The infinity pool at Casa La Huerta, inlaid with a shimmering mosaic serpent, was the perfect place to usher in the Year of the Snake. From the hilltop terrace, Careyes spread before us in a cinematic sweep: jungle folding into cliffs, cliffs tumbling to the Pacific and somewhere down there, the promise of a ceremony that would carry us into the night. But first, we had a legend to hear.
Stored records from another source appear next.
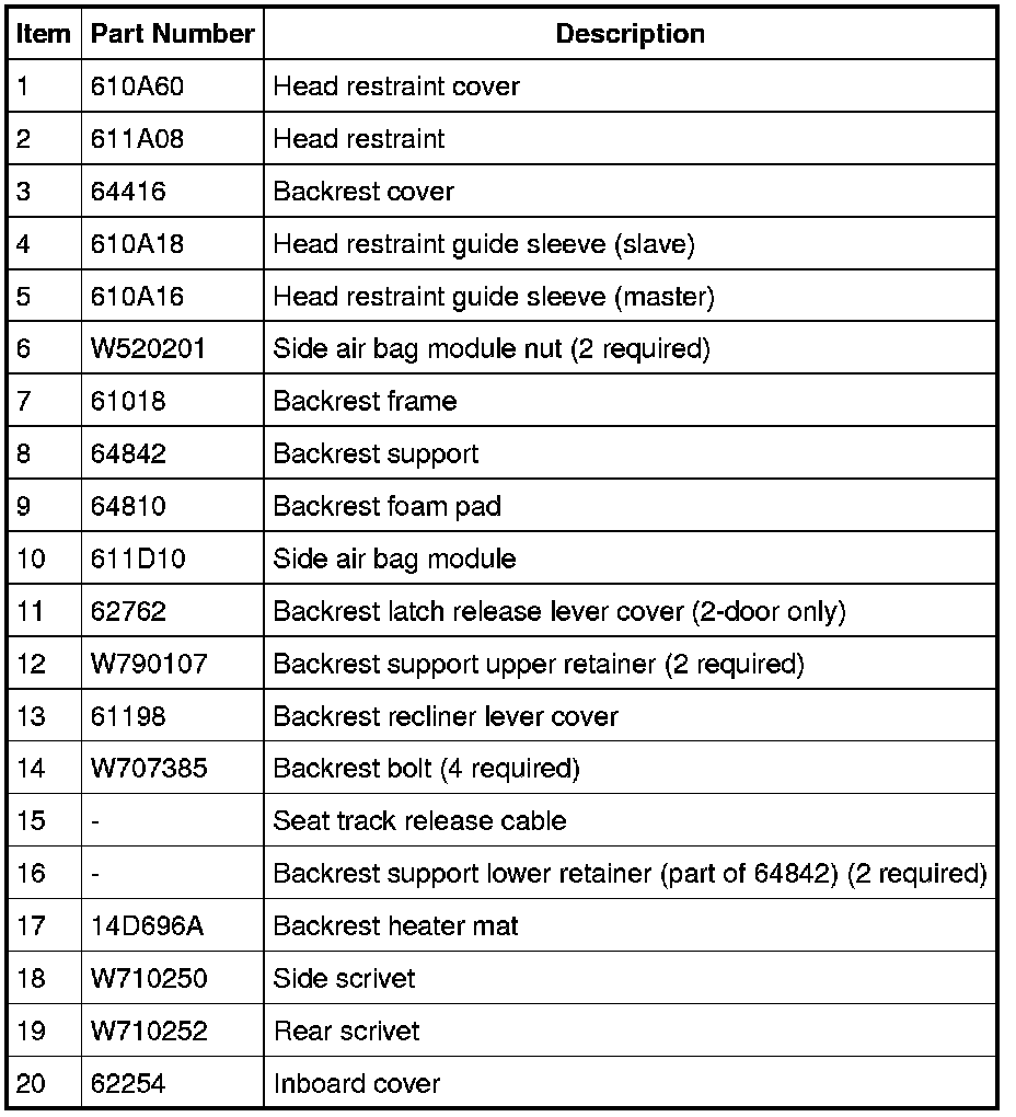 Seat - Exploded View, Front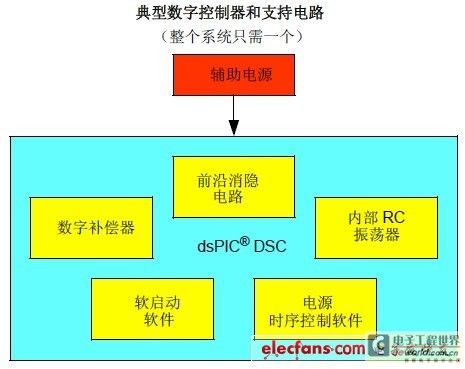 單獨一個DSC消除了相同參數的重複測量,並可從內部提供不同控製或保護特性的所有選項。DSC也有助於係統對故障狀態作出比分立模擬控製器更快速、更高效的反應。例如,在一個兩級AC-DC 模擬電源中,如果故障出現在下級轉換器中,除非這個故障狀況已經被傳送給PFC 控製器,否則前端PFC 升壓轉換器將無法識別這個故障。而數字控製器能檢測到整個係統的故障狀態,無論故障發生在何處,幾乎都能在瞬間作出反應。
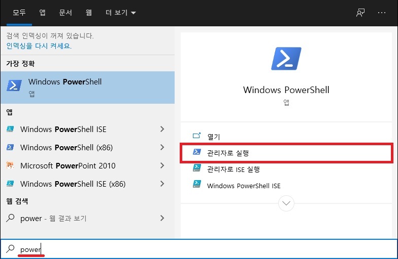 APC_INDEX_MISMATCH 오류가 발생하면 가장 먼저 확인해야 할 것은 최신 윈도우 업데이트입니다. 윈도우 업데이트와 관련된 문제가 해당 오류의 원인이 될 수 있습니다. 윈도우 시작 메뉴에서 'PowerShell'을 검색하고 우클릭하여 "관리자 권한으로 실행"을 선택합니다.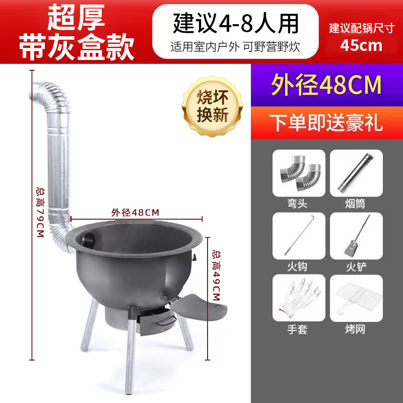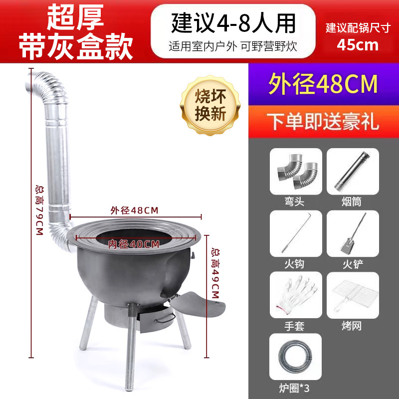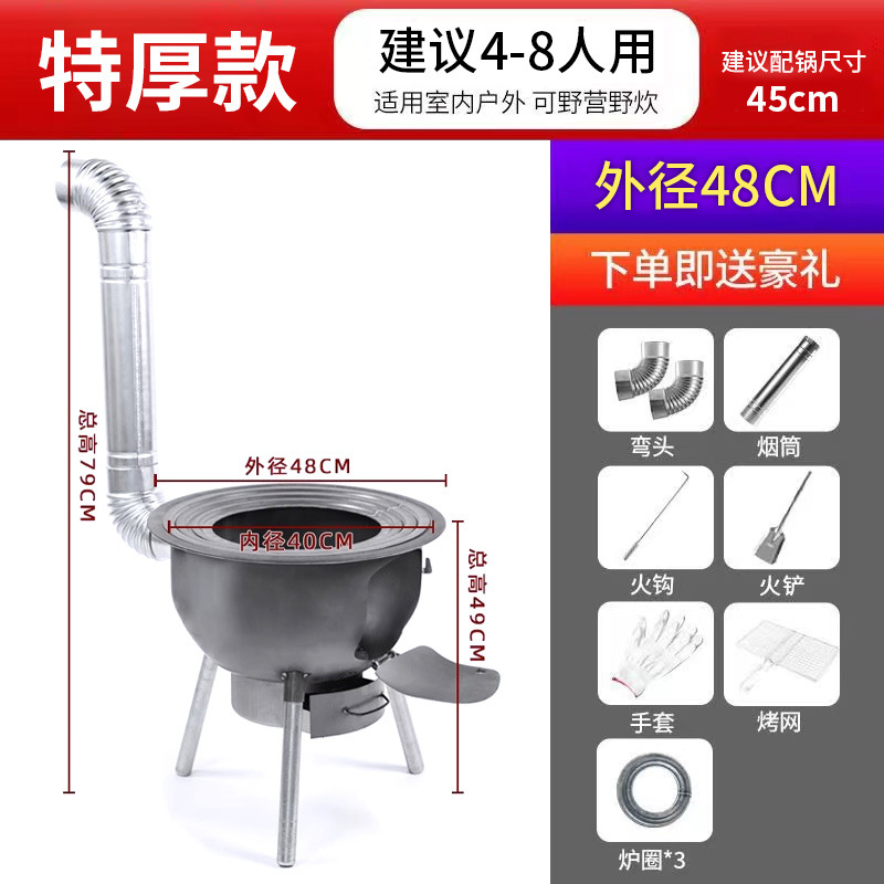 • [특대 두께] 일체형 스토브 48CM + 스토브 링 3개 + 스토브 선물 패키지.

Every year, under the soft glow of lanterns and a sky speckled with constellations, the mystics, creatives, and well-heeled devotees of Careyes gather for the Chinese New Year festival. It’s an unlikely tradition for this remote stretch of Mexico’s Costalegre, but then again, Careyes has always been a place where the unexpected thrives. The air was thick with anticipation and just the faintest wisp of incense as long-time resident Niki Trosky raised a glass and began to tell the story.

Careyes was transformed into a sea of red lanterns to welcome the new year.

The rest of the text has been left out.